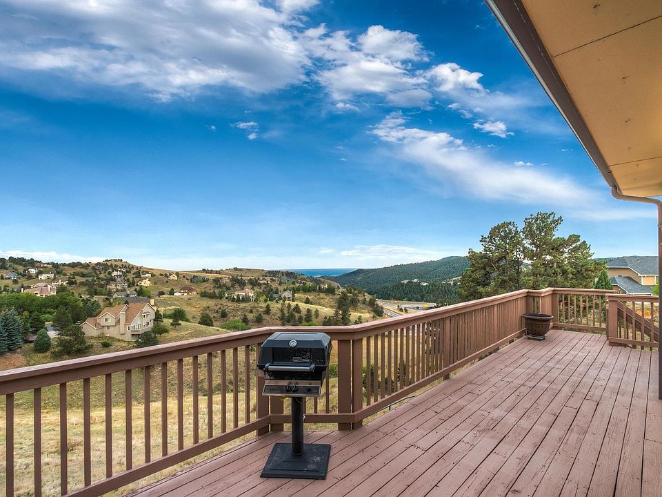 Incredible ranch home with full walk-out basement with outrageous views! Enjoy sweeping views of the city & hills to the east, magnificent city lights at night & sunsets over the mtns to the west. This home is 25 minutes from Union Station while also within running/biking distance to the numerous trails on Lookout Mountain. New windows, floors, fireplace surrounds with new granite & sinks in all bathrooms. Kitchen has brand new range, refrigerator, hood, dishwasher & faucet. Custom reclaimed wood shelves & mantle in living room match side counter top & butler's pantry. Second Master suite downstairs. Furnace with humidifier installed in 2015 & recently serviced. Wraparound deck features built-in grill that connects to gas line, faucet for flowers, phenomenal views. New wet bar & workout room in bsmt. HOA covers snow removal and weed control. Ducts just cleaned! HOA includes road maintenance & weed control.
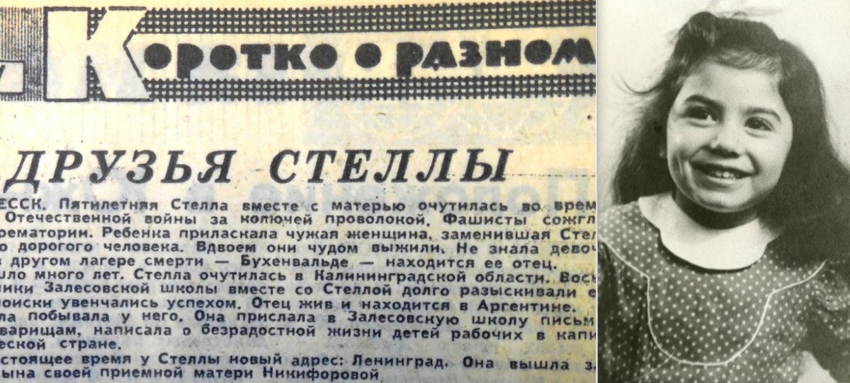 «О её [Стеллы] необыкновенной судьбе учащиеся Залесовской средней школы узнали из газет два года назад. Написали ей коллективное письмо в Новозыбков, где она тогда жила. Пришёл ответ, за ним второй, третий. А потом ребята узнали, что Стелла нашла отца. Он чудом уцелел в Бухенвальде и живёт теперь в Бразилии. Дочь побывала у него в гостях».
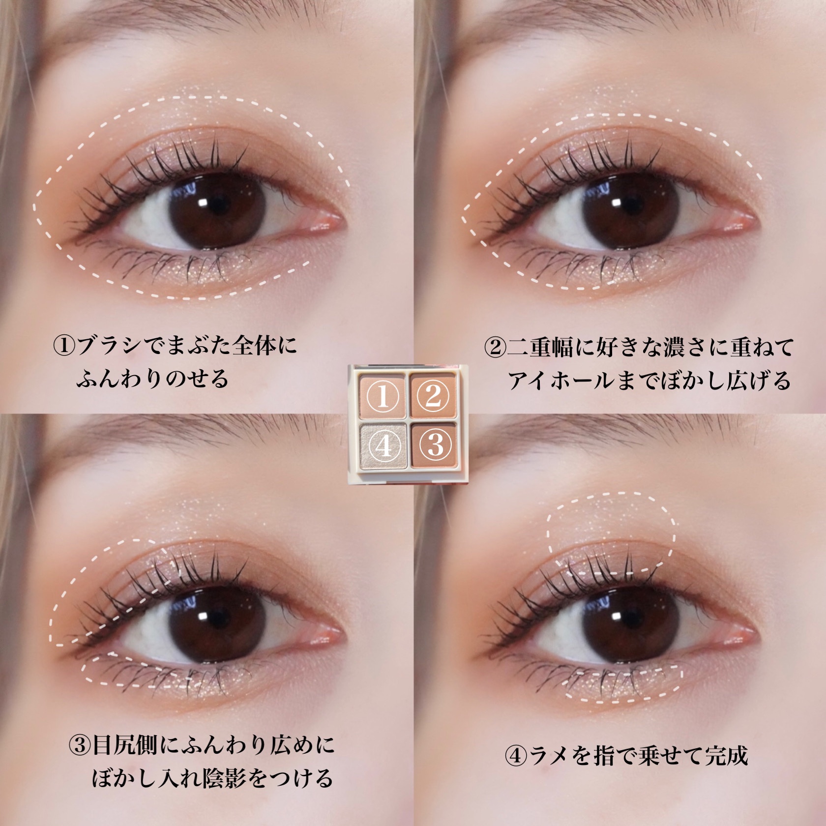 よくパレットのなかで明るいカラーをベースにまぶたに広く塗ることが多いのですが、パール感のあるカラーを避ける🙆♀️! パール感たっぷりの明るいカラーは涙袋に使うぐらい光を集めてぷっくり見せてくれるので、まぶたに広く使うと腫れぼったく見えがち😓 目元を明るくみせてくれたり、次に使うアイシャドウをぼかしやすくしてくれるけど、すっ飛ばしてメインのカラーを塗っちゃう✊🏻❤️🔥 涙袋にはたっぷり塗ってぷっくり見せる🙆♀️💕 シルキースフレアイズのマットタイプはすごく優れているな〜と感じました☺️💗 赤やオレンジなどは、入れすぎると腫れぼったく見えやすいので、見せたいカラーは下まぶた目尻にのせて色をたのしむ♡♡ パール感なしの透けマットだけじゃ物足りない… そう感じさせない華やかなラメが左上に入っているので黒目上と涙袋にのせるとすごく可愛い仕上がりに😍! 厄介な左右差のお陰でマットアイシャドウが好きになりました😌💕

_Problem to work on_:
Your task is to repeat, word for word and with no picture, every line from the one that contains "её [Стеллы] необыкновенной" through the last line of the data.

_Task response_:
 «О её [Стеллы] необыкновенной судьбе учащиеся Залесовской средней школы узнали из газет два года назад. Написали ей коллективное письмо в Новозыбков, где она тогда жила. Пришёл ответ, за ним второй, третий. А потом ребята узнали, что Стелла нашла отца. Он чудом уцелел в Бухенвальде и живёт теперь в Бразилии. Дочь побывала у него в гостях».
 よくパレットのなかで明るいカラーをベースにまぶたに広く塗ることが多いのですが、パール感のあるカラーを避ける🙆♀️! パール感たっぷりの明るいカラーは涙袋に使うぐらい光を集めてぷっくり見せてくれるので、まぶたに広く使うと腫れぼったく見えがち😓 目元を明るくみせてくれたり、次に使うアイシャドウをぼかしやすくしてくれるけど、すっ飛ばしてメインのカラーを塗っちゃう✊🏻❤️🔥 涙袋にはたっぷり塗ってぷっくり見せる🙆♀️💕 シルキースフレアイズのマットタイプはすごく優れているな〜と感じました☺️💗 赤やオレンジなどは、入れすぎると腫れぼったく見えやすいので、見せたいカラーは下まぶた目尻にのせて色をたのしむ♡♡ パール感なしの透けマットだけじゃ物足りない… そう感じさせない華やかなラメが左上に入っているので黒目上と涙袋にのせるとすごく可愛い仕上がりに😍! 厄介な左右差のお陰でマットアイシャドウが好きになりました😌💕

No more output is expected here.